The string `html_string` contains an HTML "document".

In [None]:
html_string = '''
<html>
    <body>
      <div id="content">
        <h1>Heading here</h1>
        <p>My First paragraph</p>
        <p>My <em>second</em> paragraph</p>
        <hr>
      </div>
      <div id="nav">
        <ul>
          <li>item 1</li>
          <li>item 2</li>
          <li>item 3</li>
        </ul>
      </div>
    </body>
</html>
'''.strip()

Using the `HTML` function in the `IPython.display` module, we can render an HTML document from within our Jupyter Notebook:

In [None]:
HTML(html_string)

### `BeautifulSoup` objects

`bs4.BeautifulSoup` takes in a string or file-like object representing HTML (`markup`) and returns a **parsed** document.

In [None]:
import bs4

In [None]:
bs4.BeautifulSoup?

Normally, we pass the result of a `GET` request to `bs4.BeautifulSoup`, but here we will pass our hand-crafted `html_string`.

In [None]:
soup = bs4.BeautifulSoup(html_string)
soup

In [None]:
type(soup)

`BeautifulSoup` objects have several useful attributes, e.g. `text`:

In [None]:
print(soup.text)

### Child nodes

- Recall, HTML documents are represented as trees.
    - Each page element becomes a node in this tree.
- A `BeautifulSoup` object represents a **node** in the tree.
    - Each `BeautifulSoup` object has 0 or more child nodes.
    - To access the children of a node, use the `children` attribute.

In [None]:
soup

In [None]:
soup.children

### Aside: iterators

On the previous slide, we saw that that `soup.children` isn't another `BeautifulSoup` object, but rather something of the form `<list_iterator at 0x7f7b0ab8c370>`.

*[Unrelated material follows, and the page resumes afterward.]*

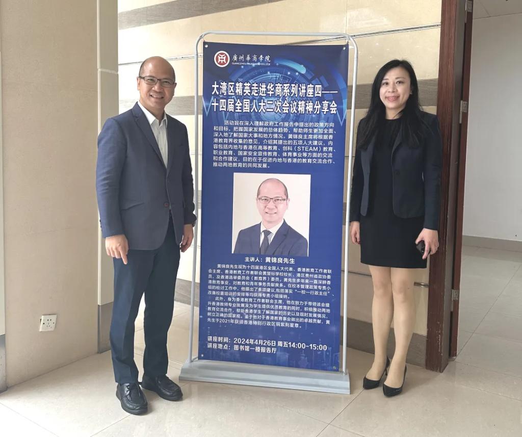 香港教育工作者联会主席黄锦良(左)、广州华商学院副校长廖伊曼(右)合影

What are [iterators](https://www.w3schools.com/python/python_iterators.asp), again?

In [None]:
nums = [1, 2, 3, 4]
double = map(lambda x: x ** 2, nums)
double

In [None]:
next(double)

In [None]:
list(double)

### Child nodes

The `children` attribute returns an iterator so that it doesn't have to load the entire DOM tree in memory.

In [None]:
soup

In [None]:
soup.children

In [None]:
len(list(soup.children))

In [None]:
root = next(soup.children)
root

In [None]:
list(root.children)

In [None]:
list(list(root.children)[1].children)

In [None]:
list(list(list(root.children)[1].children)[3].children)

### Depth-first traversal through `descendants`

- While we could use the `children` attribute to navigate to any node in a `BeautifulSoup` tree, there are easier ways of navigating the tree.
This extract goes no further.